MinHash for efficiently estimating the similarity between two or more data sets.
The Space-Saving Algorithm is an efficient way of estimating frequent values in data sets.
Aggregate functions include approx_top_k, etc.
The t-Digest algorithm is an efficient way of estimating percentile values in data sets. Aggregate functions include approx_percentile, etc.
Provides execution details for a query - a graphical representation of the main components of the processing plan, statistics for each component, details and statistics for the overall query.
Helps to understand the performance/behavior of a particular query - spot mistakes in the query, identify performance bottlenecks, and improvement opportunities.
Operators are the functional building blocks of a query.
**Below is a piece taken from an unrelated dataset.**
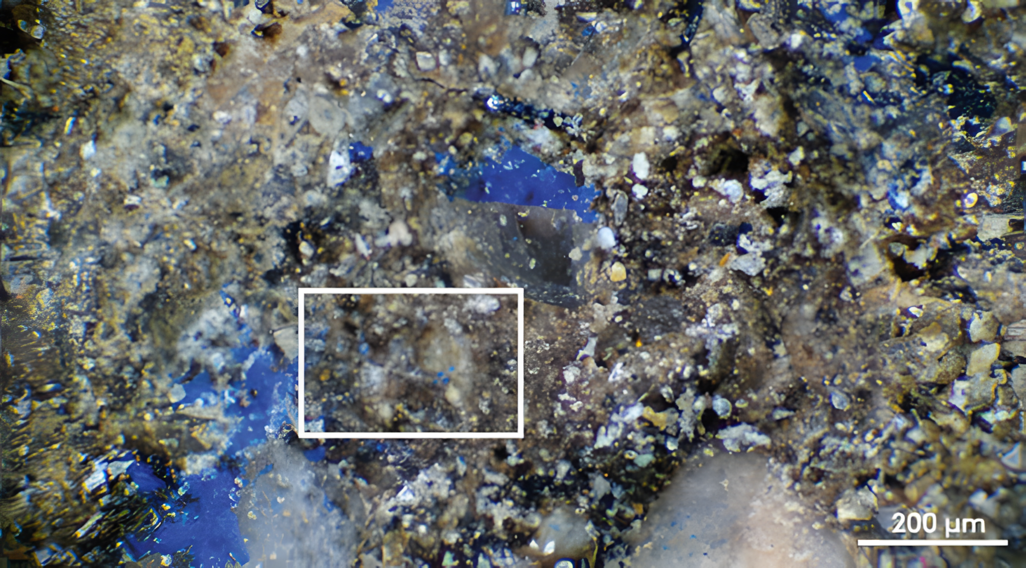 그러나 첨단 과학 분석 결과, 가공 시 선명한 청색을 띠는 탄산구리 광물인 남동석을 함유한 선명한 청색 잔류물이 발견되었다.

Operator types:
- data access and generation operators: TableScan, ValuesClause, Generator, ExternalScan, InternalObject.
- data processing operators: Filter, Join, Aggregate, GroupingSets, WindowFunction, Sort, SortWithLimit, Flatten, JoinFilter, UnionAll, ExternalFunction.
- DML operators: Insert, Delete, Update, Merge, Unload
- metadata operators: DDL and Transaction Commands, Table Creation Command, Query Result Reuse, Metadata-based Result
- miscellaneous operators: Result
Execution time can be broken down into:
- Processing: time spent on data processing by the CPU.
- Local Disk IO: time when the processing was blocked by local disk access.
- Remote Disk IO: time when the processing was blocked by remote disk access.
- Network Communication: time when the processing was waiting for the network data transfer.
- Synchronization: various synchronization activities between participating processes.
- Initialization: time spent setting up the query processing.
Statistics:
- IO:
- Scan progress: % of data scanned for a given table
- Bytes scanned
- Percentage scanned from cache: from the local disk cache
- Bytes written
- Bytes written to result
- Bytes read from result
- External bytes scanned: bytes read from an external object, e.g. a stage
- DML:
- Number of rows inserted/updated/deleted/unloaded
- Pruning:
- Partitions scanned
- Partitions total: total num of partitions in the table
- Spilling: disk usage where intermediate results do not fit in memory
- Bytes spilled to local storage: to local disk
- Bytes spilled to remote storage: to remote disk
- Network: network communication
- Bytes sent over the network
- External Functions: calls to external functions
Common query problems identified by query profile:
- exploding joins: did not provide join condition, resulting in a cartesian product
- UNION without ALL: UNION does de-dup. Use UNION ALL when do not need to de-dup
- queries too large to fit in memory: See data spilling to local disk then remote disk. Need to use a larger wh, or, process the data in smaller batches.
- inefficient pruning: "partitions scanned" almost equal to "partitions total".
Recommend to cancel a statement using either:
- the interface of the app in which the query is running (e.g. Worksheet in the SnowSight)
- or, the cancellation API of the Snowflake ODBC/JDBC driver
However, sometimes using sql is necessary.
In query history, some queries do not have warehouse size, this is because they used cache, and never required a warehouse. If a client shows Go, it means this query started from SnowSight, because SnowSight was written in the Go language. If a query was initiated in the SnowSQL, it will show Python, because SnowSQL is written in python. If from Tableau, it will show JDBC.
Query tag - if you are from IT team, and need to debug/optimize queries, you can tag these queries using alter session, and put ticket/Jira number in it, so the prod department know where these additional compute cost came from.